As one of such means, there were proposed apparatuses in which the pulling rate is increased by providing cooling means in the main chamber so as to surround a single crystal ingot under pulling and thereby efficiently cooling the single crystal ingot under pulling. For example, there is the apparatus disclosed in Japanese Patent Laid-open (Kokai) Publication No. 6-211589. In this apparatus, a gas flow guide cooling cylinder having a double structure consisting of an outer cooling cylinder composed of metal and an inner cooling cylinder composed of graphite or the like is provided from the bottom portion of the pulling chamber to the inside of the main chamber so as to concentrically surround a single crystal ingot under pulling and thereby heat generated in the inner cooling cylinder is transferred to the outside by the outer cooling cylinder, so that temperature increase of the inner cooling cylinder should be suppressed and cooling efficiency of the crystal should be improved.

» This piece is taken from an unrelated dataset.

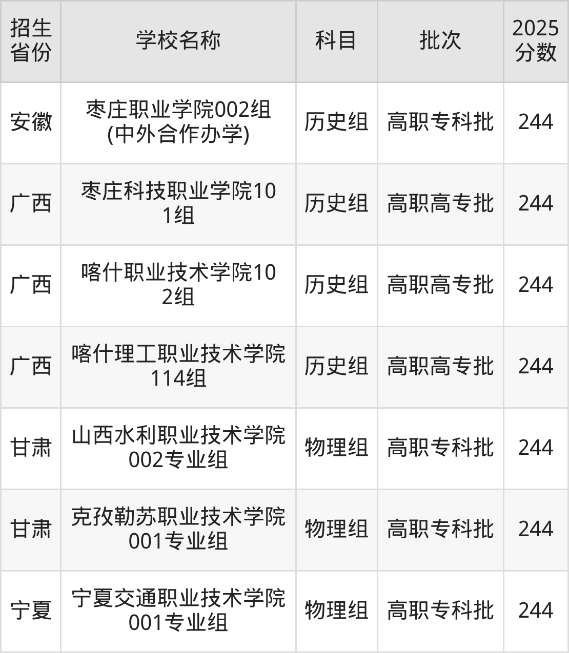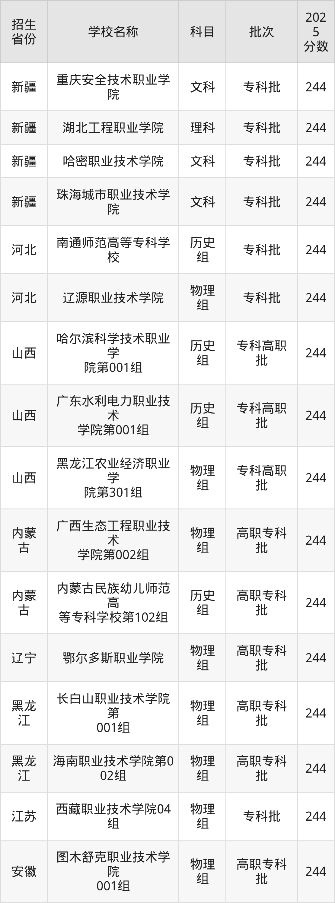 筛选全国各省2025年录取分数线为244分的公办专科大学如下:

Apparatuses utilizing a cooling medium such as water in order to more efficiently cool a growing single crystal are also disclosed. For example, in the apparatus for growing a single crystal disclosed in Japanese Patent Laid-open (Kokai) Publication No. 8-239291, a cooling duct for circulating a liquid refrigerant is provided in a main chamber and a cooling member composed of a material having high heat conductivity such as silver is provided below the duct so as to rapidly transfer heat emitted from crystal surface to the outside and thereby attain effective cooling of the crystal. However, if fluid such as water generally used as the cooling medium become close to the melt surface heated to a high temperature exceeding 1000° C., it may be a cause of phreatic explosion and thus dangerous. Therefore, in this apparatus, safety is secured by separating the cooling duct from the melt surface.
However, in these days, the diameter of silicon wafers became larger and, in particular, mass production of silicon wafers having a diameter of 300 mm is contemplated. Thus, it has become clear that cooling of the crystals become insufficient even when such cooling structures as mentioned above are used and thus it is difficult to use further higher crystal growth rate, so that decrease of productivity of crystals is invited.
That is, it was found that there was a problem as described below. That is, such a cooling structure as disclosed in Japanese Patent Laid-open (Kokai) Publication No. 8-239291 can provide a certain degree of cooling effect, because a cooling member having high heat conductivity can be brought close to the melt surface of silicon. However, a restriction is imposed on the apparatus that a cooling duct for circulating a liquid refrigerant for cooling the cooling member must be sufficiently separated from the melt surface so that it should not be brought into contact with the melt surface when the crucible containing the melt is elevated to the maximum height that the crucible can reach, due to the problem concerning the safety described above. Therefore, there is caused a problem that the cooling effect provided by the cooling medium is unlikely to reach the end of the cooling member.